1 Introduction

Action recognition is an essential task in video processing that finds applications in detecting crimes, sports video analysis, video retrieval [23], etc. It is essential to recognize an action early in many applications so that necessary actions can be taken.

For example, consider the case of driverless cars. If the autonomous driving system cannot predict what a pedestrian will do next, it will not be able to avoid possible accidents. In surveillance systems, it is crucial to recognize criminal actions early, so that necessary measures can be taken. An elderly monitoring system must raise the alarm in time before something harmful happens to the subject.

In recent years, many techniques have been developed for action recognition.

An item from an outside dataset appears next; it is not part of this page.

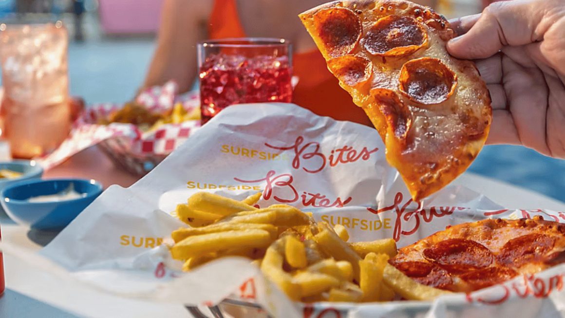 O Surfside Eatery é um restaurante pensado para famílias, localizado próximo às áreas de lazer infantil do navio. O espaço funciona em estilo buffet, oferecendo café da manhã e almoço com diversas opções que agradam principalmente ao público mais jovem.
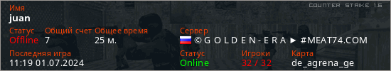 Играет на Counter Strike 1.6 сервере. Страна: РоссияПервый раз замечен 07:32 15.03.2024

A group of methods are based on the bag-of-words (BOW) technique adapted from the text mining bag-of-words. Such methods extract discriminative key points from the video and describe the neighborhood of these points using descriptors. The descriptors are clustered into prototypes or visual words. Different keypoint detectors have been proposed. Laptev and Lindeberg [17] generalize the Harris corner detector [7] to the spatio-temporal domain, which is sensitive to significant changes in the video. Dollár et al. [5] apply a filter to the video which is sensitive to both dramatic changes and periodic motions. Chakraborty et al. [2] introduce several methods to select a subset of detected interest points.

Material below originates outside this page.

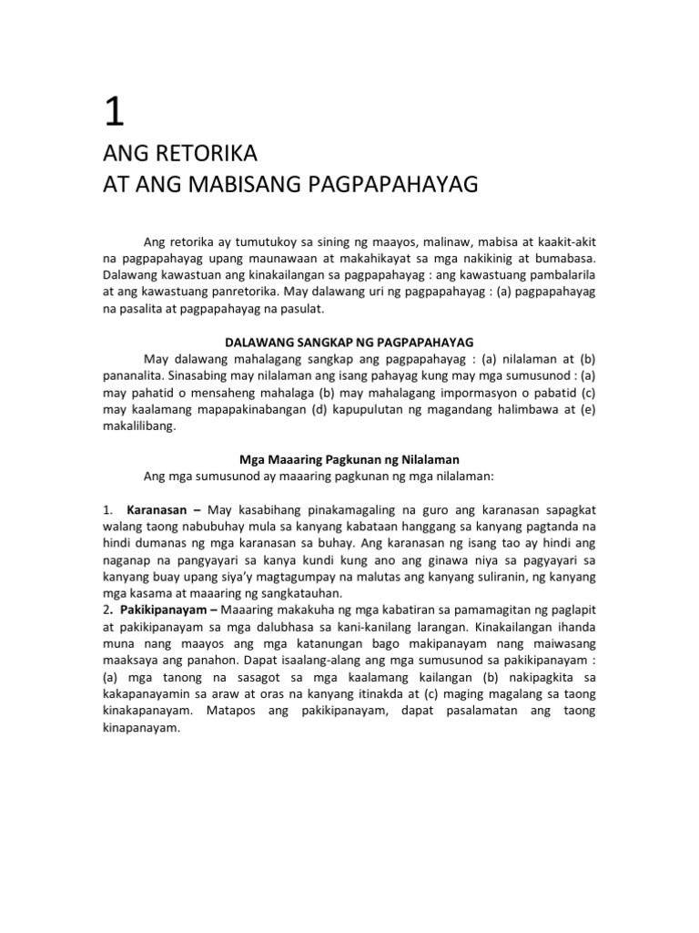 Nagsisilbing instrumentong panggising sa mambabasa dahil napupukaw. Simulain Kalikasan at Kahalagahan ng Retorika 3 Hours MODULE 1. Ang pagpapahayag ay kailangang may bigat.

Bag-of-words methods treat spatial and temporal dimensions similarly while they are of different nature. Trajectory-based methods have been proposed to take more advantage of temporal information [29,30,31]. In these works, features such as histogram of gradient are extracted in a tube-like area surrounding trajectories. Kantorov and Laptev [10] propose to use motion vector information stored in the compressed video file to estimate optical flow.

As depth sensors become more prevalent, it becomes more feasible to extract 3D positions of human joints and use them to model the skeleton. The moving pose descriptor proposed by [37] is a combination of joint positions (static information) and the first and second derivative of the positions (dynamic information). Qiao et al. [22] introduce “trajectorylet” descriptors, which consist of joint positions, displacements, and speed in a longer range than [37]. Such methods are limited to situations where human body parts can be distinguished clearly.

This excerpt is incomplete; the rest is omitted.